- _ACTION ITEM_
Without the pictures, retype each line below exactly as it stands.

DATA PROVIDED START

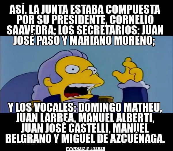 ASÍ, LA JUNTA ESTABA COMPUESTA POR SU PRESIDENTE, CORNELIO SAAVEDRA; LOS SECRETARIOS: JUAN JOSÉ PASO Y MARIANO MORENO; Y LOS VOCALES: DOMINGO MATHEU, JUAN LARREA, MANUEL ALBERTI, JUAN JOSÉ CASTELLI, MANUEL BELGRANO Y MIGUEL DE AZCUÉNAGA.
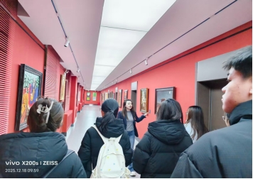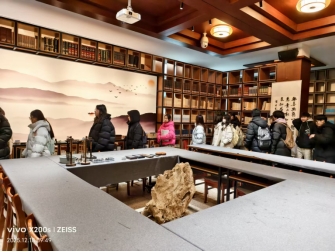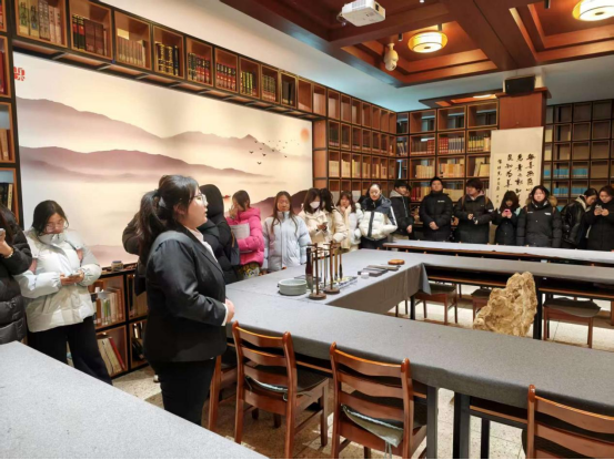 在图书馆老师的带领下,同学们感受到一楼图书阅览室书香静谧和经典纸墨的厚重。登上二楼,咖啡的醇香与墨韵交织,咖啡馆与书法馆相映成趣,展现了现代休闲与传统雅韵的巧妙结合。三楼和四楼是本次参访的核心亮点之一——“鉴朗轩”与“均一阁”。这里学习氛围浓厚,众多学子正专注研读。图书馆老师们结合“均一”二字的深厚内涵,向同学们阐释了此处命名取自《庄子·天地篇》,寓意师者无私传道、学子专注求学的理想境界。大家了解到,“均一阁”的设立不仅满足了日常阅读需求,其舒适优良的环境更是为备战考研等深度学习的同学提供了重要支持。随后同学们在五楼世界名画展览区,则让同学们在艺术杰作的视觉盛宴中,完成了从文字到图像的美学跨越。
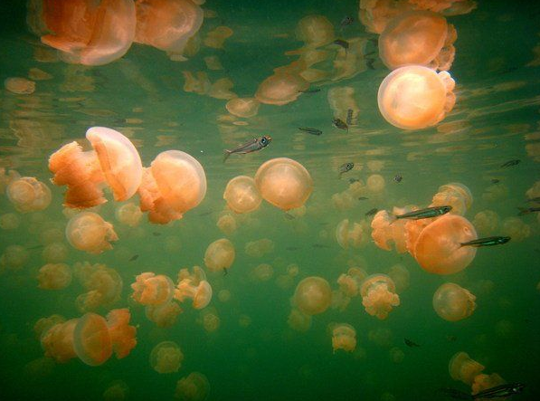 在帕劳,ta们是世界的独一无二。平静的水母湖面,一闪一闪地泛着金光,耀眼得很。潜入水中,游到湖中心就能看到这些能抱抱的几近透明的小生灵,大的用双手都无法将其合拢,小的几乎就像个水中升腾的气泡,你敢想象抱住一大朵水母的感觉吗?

DATA PROVIDED END

- _TASK OUTPUT_
 ASÍ, LA JUNTA ESTABA COMPUESTA POR SU PRESIDENTE, CORNELIO SAAVEDRA; LOS SECRETARIOS: JUAN JOSÉ PASO Y MARIANO MORENO; Y LOS VOCALES: DOMINGO MATHEU, JUAN LARREA, MANUEL ALBERTI, JUAN JOSÉ CASTELLI, MANUEL BELGRANO Y MIGUEL DE AZCUÉNAGA.
 在图书馆老师的带领下,同学们感受到一楼图书阅览室书香静谧和经典纸墨的厚重。登上二楼,咖啡的醇香与墨韵交织,咖啡馆与书法馆相映成趣,展现了现代休闲与传统雅韵的巧妙结合。三楼和四楼是本次参访的核心亮点之一——“鉴朗轩”与“均一阁”。这里学习氛围浓厚,众多学子正专注研读。图书馆老师们结合“均一”二字的深厚内涵,向同学们阐释了此处命名取自《庄子·天地篇》,寓意师者无私传道、学子专注求学的理想境界。大家了解到,“均一阁”的设立不仅满足了日常阅读需求,其舒适优良的环境更是为备战考研等深度学习的同学提供了重要支持。随后同学们在五楼世界名画展览区,则让同学们在艺术杰作的视觉盛宴中,完成了从文字到图像的美学跨越。
 在帕劳,ta们是世界的独一无二。平静的水母湖面,一闪一闪地泛着金光,耀眼得很。潜入水中,游到湖中心就能看到这些能抱抱的几近透明的小生灵,大的用双手都无法将其合拢,小的几乎就像个水中升腾的气泡,你敢想象抱住一大朵水母的感觉吗?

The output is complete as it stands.